▶ _The task_
The task calls for each record to be given again unchanged, minus any pictures.

____

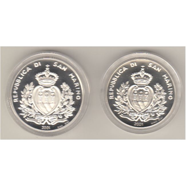 Dittico di monete in argento emesso dalla Repubblica di San Marino nel 2001, le due monete da 10.000 e 5.000 lire furono coniate per commemorare l'addio alla Lira che appunto sarebbe avvenuto l'anno successivo con l'entrata della nuova monetazione in Euro. Al dritto delle monete sono riprodotte in piccolo delle monete che sono state coniate nel tempo da San Marino con sopra una piuma, e nel rovescio il classico Stemma della Repubblica. Le monete sono inserite nel loro astuccio.
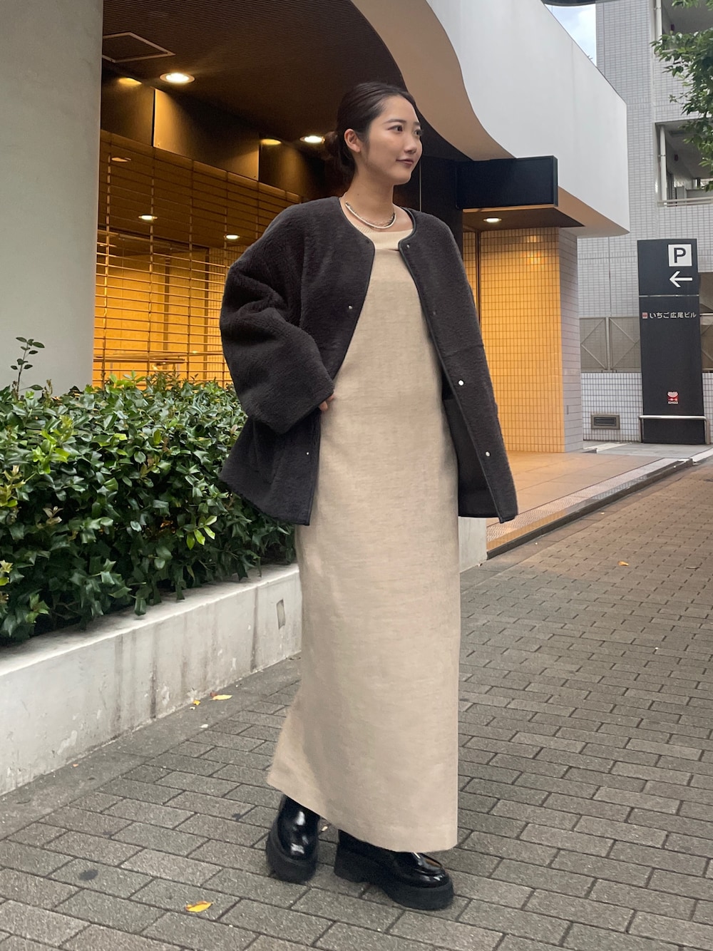 【 ニット】デコルテを綺麗に見せてくれる万能ニット。シンプルながらもドレープデザインが入っているのでシンプルなボトムス合わせでもおしゃれに見せてくれるトップスです。【ワンピース】バックデザインが可愛いキャミソールワンピース。インナー次第で雰囲気を変えられるのでシーズン問わずに着られます!【アウター】リバーシブルのボアコート。ふわふわな柔らかくて軽いボアなのでシンプルながらも高見え◎。厚手のニットも着られるサイズ感なので真冬もお使いいただけます! 【ブーツ】どんなスタイリングにも合わせやすいショートブーツ。丸みを帯びたシルエットが今っぽくてかわいい♡
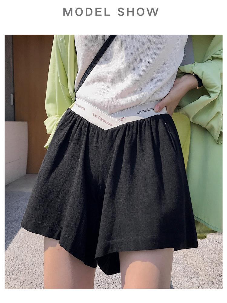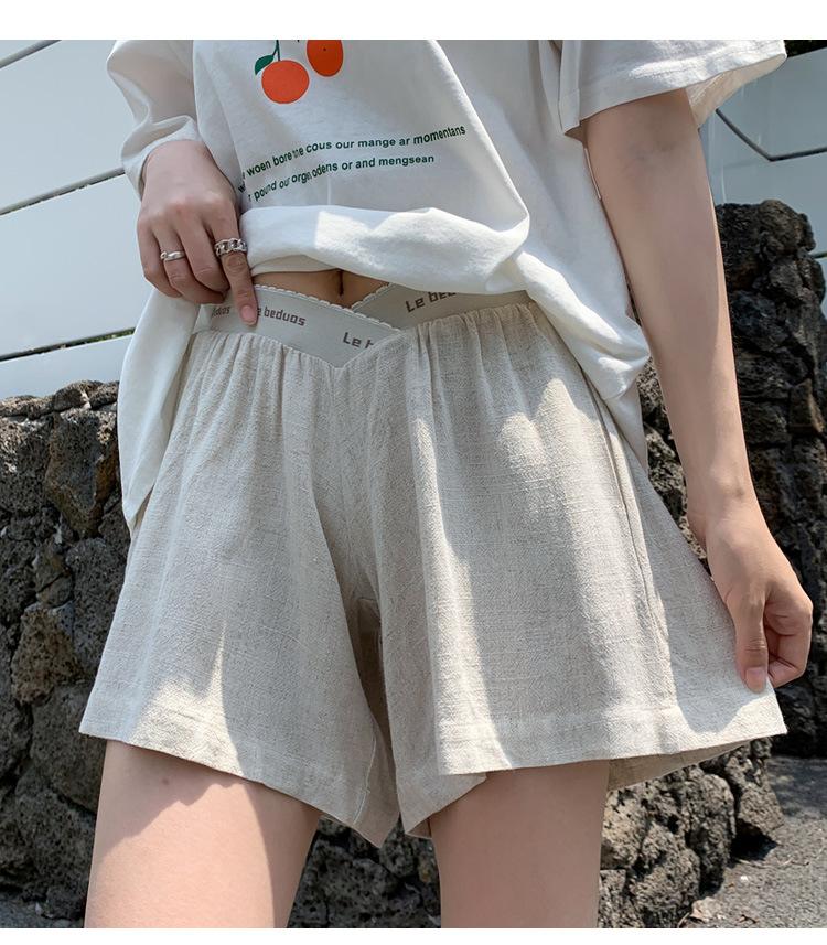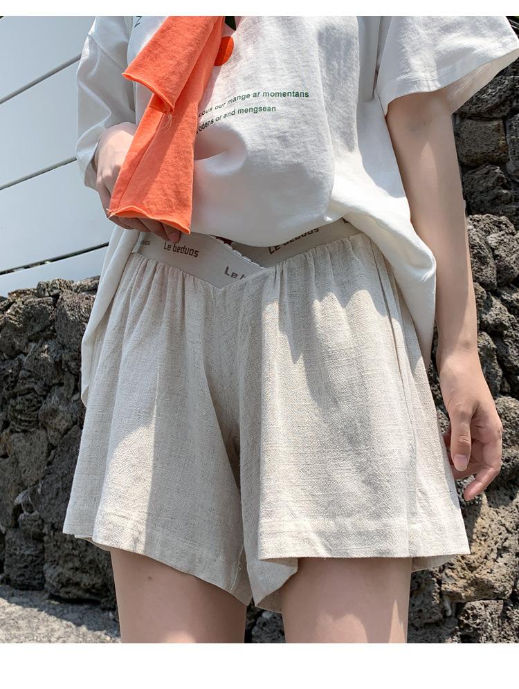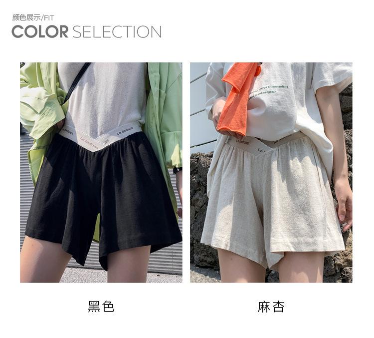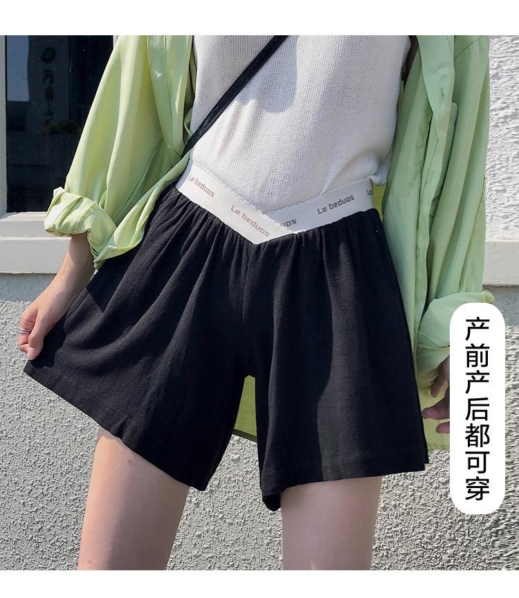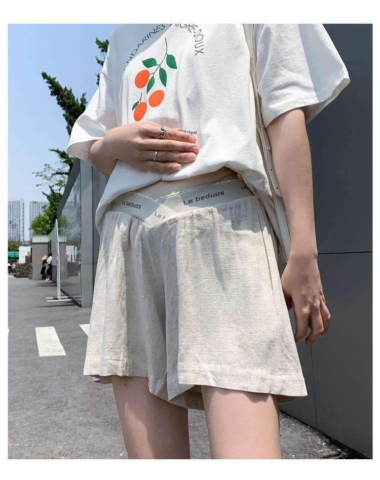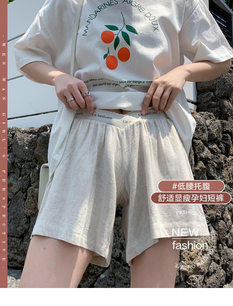 Calças de Maternidade Verão 2024 Cintura Baixa Algodão e Linho Shorts Respiráveis para Grávidas, Calças Largas de Cinco Pontos Soltas e da Moda
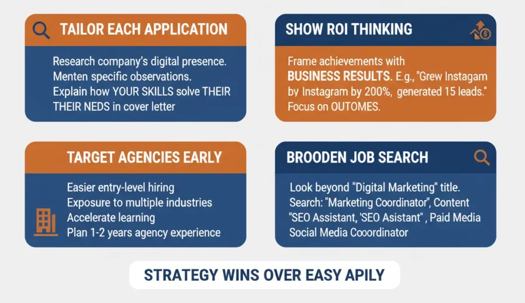 Look beyond “digital marketing” job titles. Search for roles like Marketing Coordinator, Content Specialist, SEO Assistant, Paid Media Specialist, or Social Media Coordinator. These positions often require similar skills but attract fewer applicants.
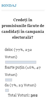 Trei sferturi dintre botoşăneni nu au încredere în promisiunile electorale, relevă un sondaj realizat, în perioada 26 noiembrie- 2 decembrie. La întrebarea Credeţi în promisiunile făcute de candidaţi în campania electorală? au răspuns 302 cititori, iar dintre aceştia nu mai puţin de 232, adică 77%, susţin că nu au deloc încredere în promisiunile politicienilor. Totodată, 47 […]
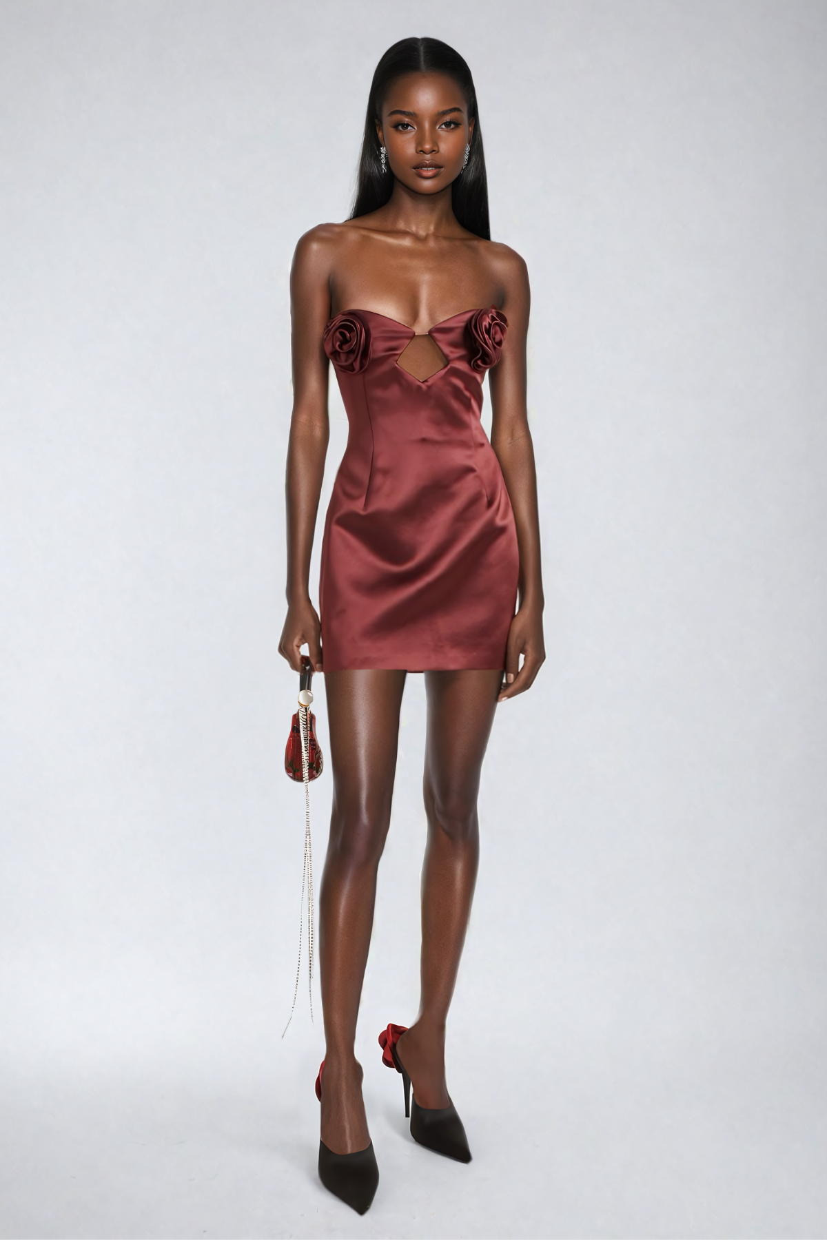 This Alaula Flower Cutout Strapless Satin Mini Dress features a delicate flower cutout design and a strapless satin silhouette. Its elegant and versatile style makes it perfect for special occasions or a night out. The dress offers a flattering fit and high-quality fabric. ensuring comfort and durability.

____

▶ _Reply to the exercise_
 Dittico di monete in argento emesso dalla Repubblica di San Marino nel 2001, le due monete da 10.000 e 5.000 lire furono coniate per commemorare l'addio alla Lira che appunto sarebbe avvenuto l'anno successivo con l'entrata della nuova monetazione in Euro. Al dritto delle monete sono riprodotte in piccolo delle monete che sono state coniate nel tempo da San Marino con sopra una piuma, e nel rovescio il classico Stemma della Repubblica. Le monete sono inserite nel loro astuccio.
 【 ニット】デコルテを綺麗に見せてくれる万能ニット。シンプルながらもドレープデザインが入っているのでシンプルなボトムス合わせでもおしゃれに見せてくれるトップスです。【ワンピース】バックデザインが可愛いキャミソールワンピース。インナー次第で雰囲気を変えられるのでシーズン問わずに着られます!【アウター】リバーシブルのボアコート。ふわふわな柔らかくて軽いボアなのでシンプルながらも高見え◎。厚手のニットも着られるサイズ感なので真冬もお使いいただけます! 【ブーツ】どんなスタイリングにも合わせやすいショートブーツ。丸みを帯びたシルエットが今っぽくてかわいい♡
 Calças de Maternidade Verão 2024 Cintura Baixa Algodão e Linho Shorts Respiráveis para Grávidas, Calças Largas de Cinco Pontos Soltas e da Moda
 Look beyond “digital marketing” job titles. Search for roles like Marketing Coordinator, Content Specialist, SEO Assistant, Paid Media Specialist, or Social Media Coordinator. These positions often require similar skills but attract fewer applicants.
 Trei sferturi dintre botoşăneni nu au încredere în promisiunile electorale, relevă un sondaj realizat, în perioada 26 noiembrie- 2 decembrie. La întrebarea Credeţi în promisiunile făcute de candidaţi în campania electorală? au răspuns 302 cititori, iar dintre aceştia nu mai puţin de 232, adică 77%, susţin că nu au deloc încredere în promisiunile politicienilor. Totodată, 47 […]
 This Alaula Flower Cutout Strapless Satin Mini Dress features a delicate flower cutout design and a strapless satin silhouette. Its elegant and versatile style makes it perfect for special occasions or a night out. The dress offers a flattering fit and high-quality fabric. ensuring comfort and durability.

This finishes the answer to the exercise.